Commissions are paid by the Company directly to agents who are registered
representatives of the principal underwriter, or to broker-dealers that have
entered into a selling agreement with the principal underwriter, or
broker-dealers having selling agreements with such broker-dealers with respect
to the sales of the Visionary Contracts.

ITEM 30.         LOCATION OF BOOKS AND RECORDS

         All of the accounts, books, records or other documents required to be
kept by Section 31(a) of the Investment Company Act of 1940 and rules
thereunder, are maintained by IL Annuity and Insurance Company at its home
office and at the offices of  Financial Administrative Services, Inc., 1290
Silas Deane Highway, Wethersfield, CT 06109-4303.

ITEM 31.         MANAGEMENT SERVICES

         All management contracts are discussed in Part A or Part B of this
registration statement.



                                     C-6
<PAGE>   161
ITEM 32.         UNDERTAKINGS AND REPRESENTATIONS

         (a)     The registrant undertakes that it will file a post-effective
                 amendment to this registration statement as frequently as is
                 necessary to ensure that the audited financial statements in
                 the registration statement are never more than 16 months old
                 for as long as purchase payments under the contracts offered
                 herein are being accepted.

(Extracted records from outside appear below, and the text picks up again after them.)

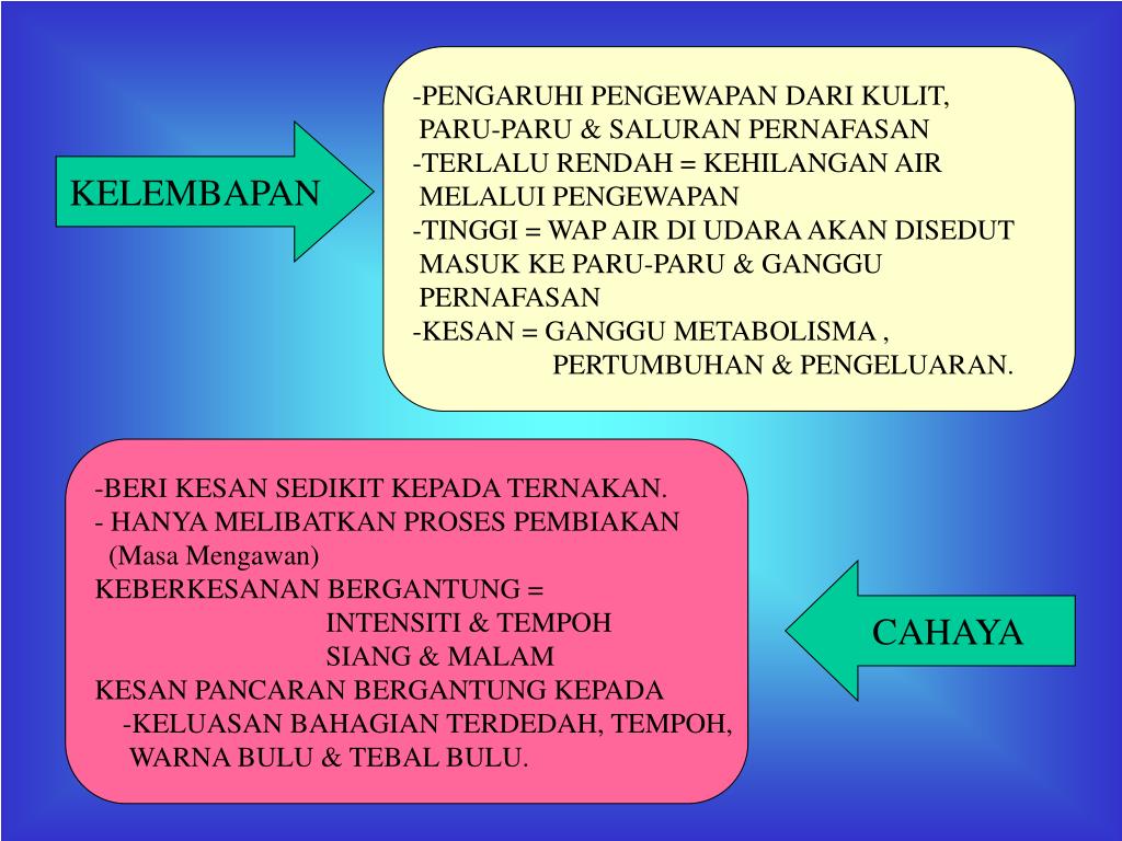 PENGARUHI PENGEWAPAN DARI KULIT, • PARU-PARU & SALURAN PERNAFASAN • TERLALU RENDAH = KEHILANGAN AIR • MELALUI PENGEWAPAN • TINGGI = WAP AIR DI UDARA AKAN DISEDUT • MASUK KE PARU-PARU & GANGGU • PERNAFASAN • KESAN = GANGGU METABOLISMA , • PERTUMBUHAN & PENGELUARAN. KELEMBAPAN • BERI KESAN SEDIKIT KEPADA TERNAKAN. • HANYA MELIBATKAN PROSES PEMBIAKAN • (Masa Mengawan) • KEBERKESANAN BERGANTUNG = • INTENSITI & TEMPOH • SIANG & MALAM • KESAN PANCARAN BERGANTUNG KEPADA • -KELUASAN BAHAGIAN TERDEDAH, TEMPOH, • WARNA BULU & TEBAL BULU. CAHAYA
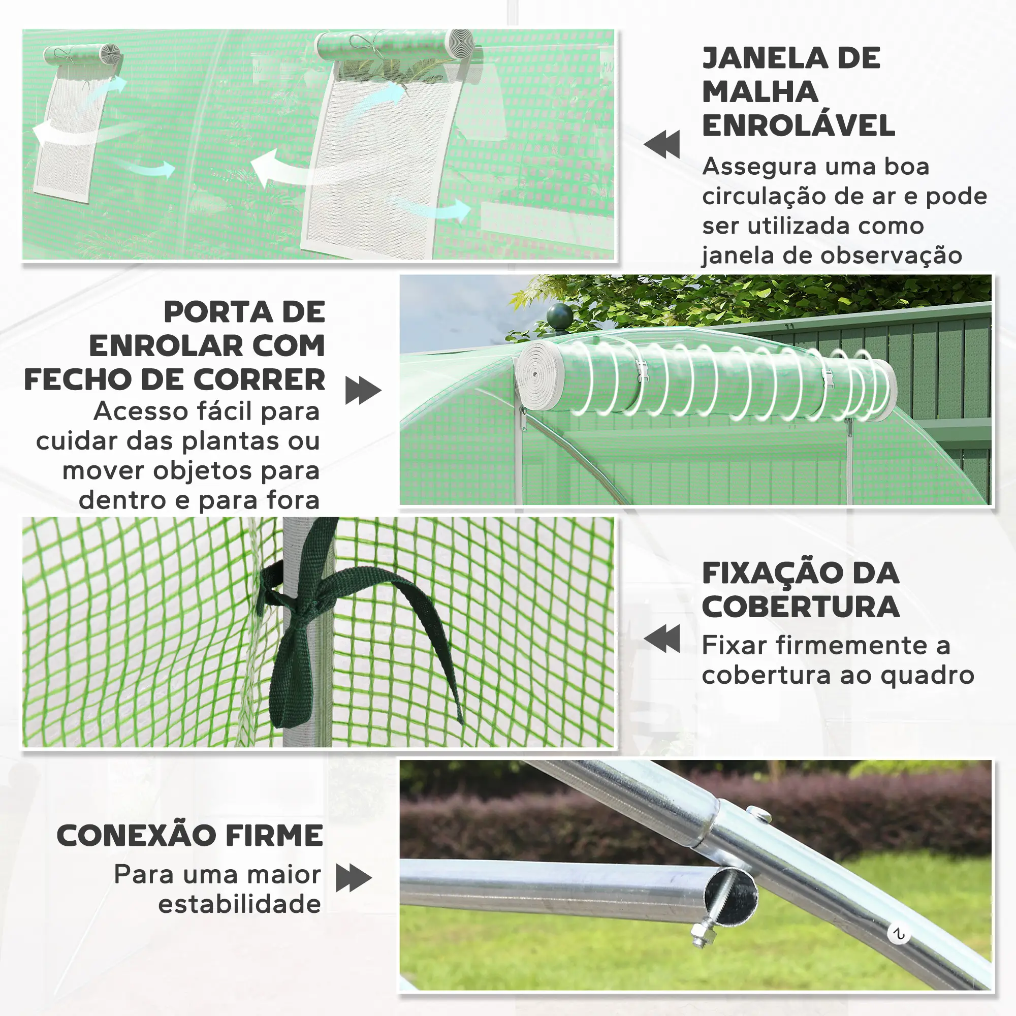The robust structure is composed of high-strength galvanized steel tubes , providing stability and durability even in adverse weather conditions. The cover is made of 0.2 mm translucent PE plastic , which maximizes sunlight entry while protecting plants from UV rays and retaining the heat and moisture essential for growth. It includes 8 side windows with ventilation screens and a wide zippered door , allowing precise control of temperature, humidity, and air circulation inside.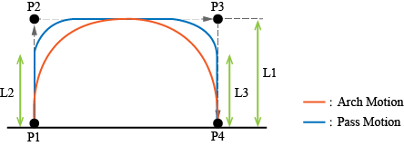 Be careful with interference with the surrounding facilities when the robot is in arch motion. Under the arch motion control, all robot operations are performed via point-to-point (PTP) moves.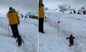 அங்கே பெங்குயின் ஒன்று அந்த வழியாக கடந்து செல்ல முயன்றது. அப்போது காதலர்களின் நெருக்கத்தை தொந்தரவு செய்ய தயங்கி அமைதியாக காத்திருந்தது. இதனை வீடியோவாக பதிவு செய்து கொண்டிருந்த புகைப்பட கலைஞர், பெங்குயின் குறித்து அந்த ஜோடியிடம் கூறினார்.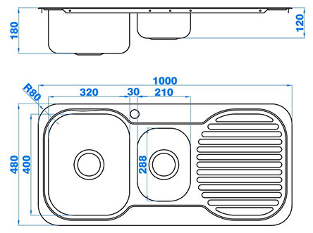 型號:106款式:單瀝水板雙盆安裝方式:嵌入式總尺寸:1000*480 mm大盆:320*400*180 mm小盆:210*288*120 mm

         (b)     The registrant undertakes that it will include either (1) as
                 part of any application to purchase a contract offered by the
                 prospectus, a space that an applicant can check to request a
                 statement of additional information, or (2) a post card or
                 similar written communication affixed to or included in the
                 prospectus that the applicant can remove and send to IL
                 Annuity and Insurance Company for a statement of additional
                 information.

         (c)     The registrant undertakes to deliver any statement of
                 additional information and any financial statements required
                 to be made available under this Form N-4 promptly upon written
                 or oral request to the Company at the address or phone number
                 listed in the prospectus.

         (d)     The Company represents that in connection with its offering of
                 the contracts as funding vehicles for retirement plans meeting
                 the requirements of Section 403(b) of the Internal Revenue
                 Code of 1986, it is relying on a no-action letter dated
                 November 28, 1988, to the American Council of Life Insurance
                 (Ref. No. IP-6-88) regarding Sections 22(e), 27(c)(1), and
                 27(d) of the Investment Company Act of 1940, and that
                 paragraphs numbered (1) through (4) of that letter will be
                 complied with.

         (e)     IL Annuity and Insurance Company ("IL Annuity") hereby
                 represents that the fees and charges deducted under the
                 Contracts, in the aggregate, are reasonable in relation to the
                 services rendered, the expenses expected to be incurred, and
                 the risks assumed by IL Annuity.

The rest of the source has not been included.